Il a annoncé que son Gouvernement en finirait avec l’éducation sexuelle au collège. Il rejette aussi l’éducation à l’égalité de genre et le respect de la diversité qu’il qualifie « d’idéologie de genre », s’alignant sur des positions ultra-conservatrices comme celles du collectif « Ne touche pas à mes enfants » et il dit qu’on « est entrain d’homosexualiser les enfants. » « Nous allons exterminer l’idéologie de genre, on ne peut pas importer un modèle marxiste d’éducation sexuelle. »
Sa candidate à la première vice-présidence (au Pérou, il y a 2 vice-présidents) Neldy Mendoza, qui semble sortie du plus obscur Moyen-Age quand elle parle, a dit que la seule éducation sexuelle acceptable est l’abstinence. Elle affirme que prendre des contraceptifs, c’est une invitation au viol de la part des femmes et que celles qui sont frappées par leur conjoint sont coupables d’avoir provoqué cette violence chez les hommes. L’une des plus importantes candidates de Rénovation Populaire au Congrès, Milagros Aguayo, prêche que « dieu a créé l’homme pour être le roi. Aucune femme n’a le droit d’enlever l’homme de l’endroit où Dieu l’a mis. » Des postions délirantes comme il y en a beaucoup dans le parti du “Bolsonaro péruvien”.
López Aliaga refuse le droit des femmes à l’avortement même en cas de viol. « Si elles en veulent pas de cet enfant, qu’elle sle fassent adopter, » dit-il sèchement. « Laissons faire la nature, » répond-t-il quand on lui pose des questiosn sur les risques pour la vie d’une fillette violée, un grave problème dans le pays, si elle poursuit sa grossesse. Il condamne avec la ferveur du fanatique la mariage égalitaire. Dans son groupe politique, ils parlent de l’homosexualité comme « d’un problème qu’il faut soigner. »

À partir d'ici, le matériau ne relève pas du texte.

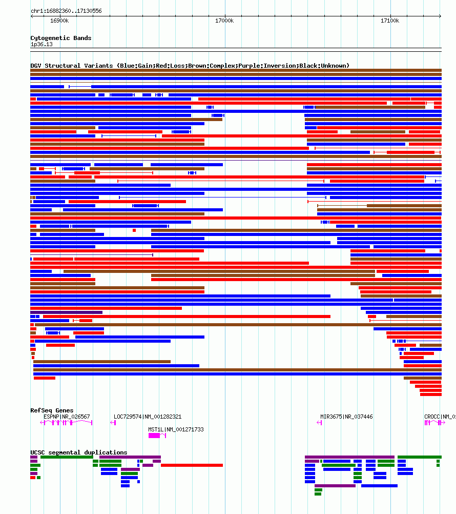 Variant DetailsVariant: essv97172 | Internal ID | 12613726 | | Landmark | | | Location Information | | | Cytoband | 1p36.13 | | Allele length | | Assembly | Allele length | | hg38 | 248197 | | hg19 | 248197 | | hg18 | 248197 | | hg17 | 248197 |
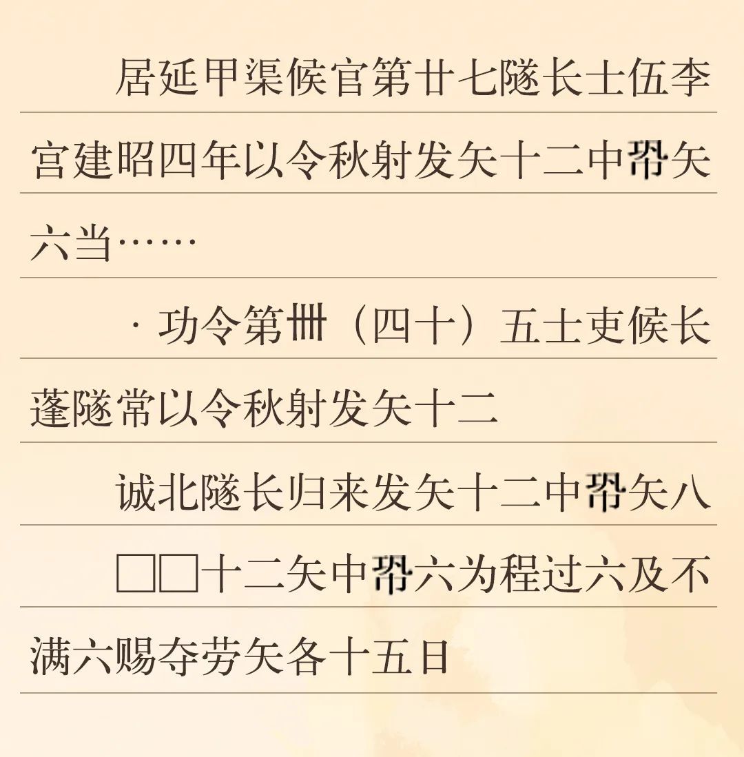 漢代對于官吏的考核分為文職和武職。文職主要考核書寫能力、治理能力、財務能力、法律能力等;武職考核主要是一年一度的射箭考核,因為在秋季舉行,故稱為“秋射”,發(fā)十二箭,中六箭為合格(即“中程”)。河西邊塞的官府通過秋射這一活動,借以考察和檢驗邊塞吏員們的軍事技術水平,并以此作為賜勞和奪勞的依據(jù)。為了提高吏員們的射箭技術,邊塞官府還派專人來管理訓練吏卒。邊塞參加秋射的主要是烽燧的燧長、部塞的候長、候官的候等吏員。

En économie, le patron parie sur l’investissement privé auquel il offre de grandes facilités. Il parle contre les monopoles mais s’est fait une fortune grâce au contrôle du très rentable train qui relie la ville andine de Cusco et les ruines du Machu Picchu, principal site touristique du pays, un monopole qu’il a obtenu sous la dictature d’Alberto Fujimori. Il parle d’affronter l’évasion fiscale mais plusieurs de ses entreprises accumulent des dettes qui équivalent à environ 8 000 000 de $. Il est l’objet d’une enquête pour blanchiment d’argent dans l’affaire des Panamá Papers. Il annonce qu’il fermera des programmes sociaux comme la distribution d’aliments aux écoles pauvres et que cette tâche sera réalisée par des volontaires privés.

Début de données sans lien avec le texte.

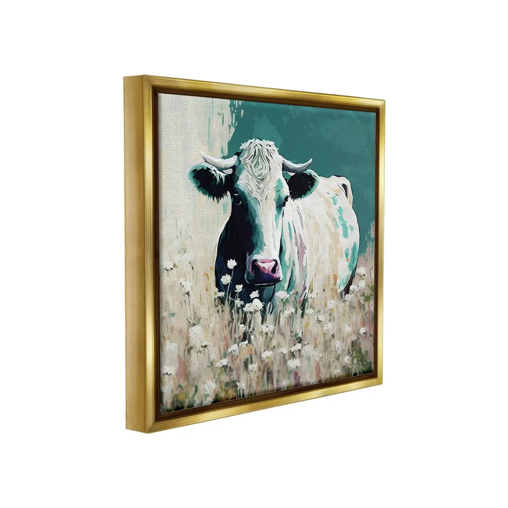 Elevate your home or office to the next level with Stupell Framed Floating Canvas Wall Art. Our premium hand-stretched canvas is mounted securely into a sturdy lightweight frame. The museum-style gap between the wrapped canvas and the box frame gives the illusion of floating artwork. Stupell Wall Art is made in the USA.Features: Dimensions: 18 x 1.7 x 18 Frame, 17 x 1.5 x 17 Canvas ArtFloating Frame Canvas Products are available in sizes 18"x18" and 25"x25". All Floating Frame Canvas Products have a 1.7" Depth.Wall Art is Ready to Hang with Hardware Free Hanging. No Installation required. For Easy Set Up Lean or Layer Artwork on Shelf or Against Wall. Artwork is Permently Fixed into the Frame.Our elevated 1.7" Thick Floating Frame is the perfect complement to our canvas style Wall Art. We use only the highest quality inks in house with industry leading printing solutions. Canvas is hand stretched over a durable wood foundation and then mounted securly into a Modern Box Frame. Made in the USA.Artwork Relates To: Painting, Animal, Mammal, Abstract, Modern, Farm, Country, Cow, CattleDesign by Seven Trees Design

Comme Bolsonaro, il rejette les restrictions de déplacement et l’utilisation de masques pour affronter la pandémie de coronavirus. Dans beaucoup de ses apparitions, il n’utilise pas de masque et quand il le porte, il dit qu’il le fait « pour que la presse ne [le] critique pas. » Il cherche à privatiser la vaccination pour que des patrons puissent acheter et vendre les vaccins en pleine pandémie : « Les Péruviens peuvent payer pour se faire vacciner, » a-t-il déclaré pour justifier sa proposition. En ignorant la réalité économique d’une bonne partie de la population et la discrimination que provoquerait la privatisation des vaccins.
Ce “Porky” n’est pas un personnage sympathique et charmant comme l’original mais un danger agressif et sérieux pour la démocratie et les libertés.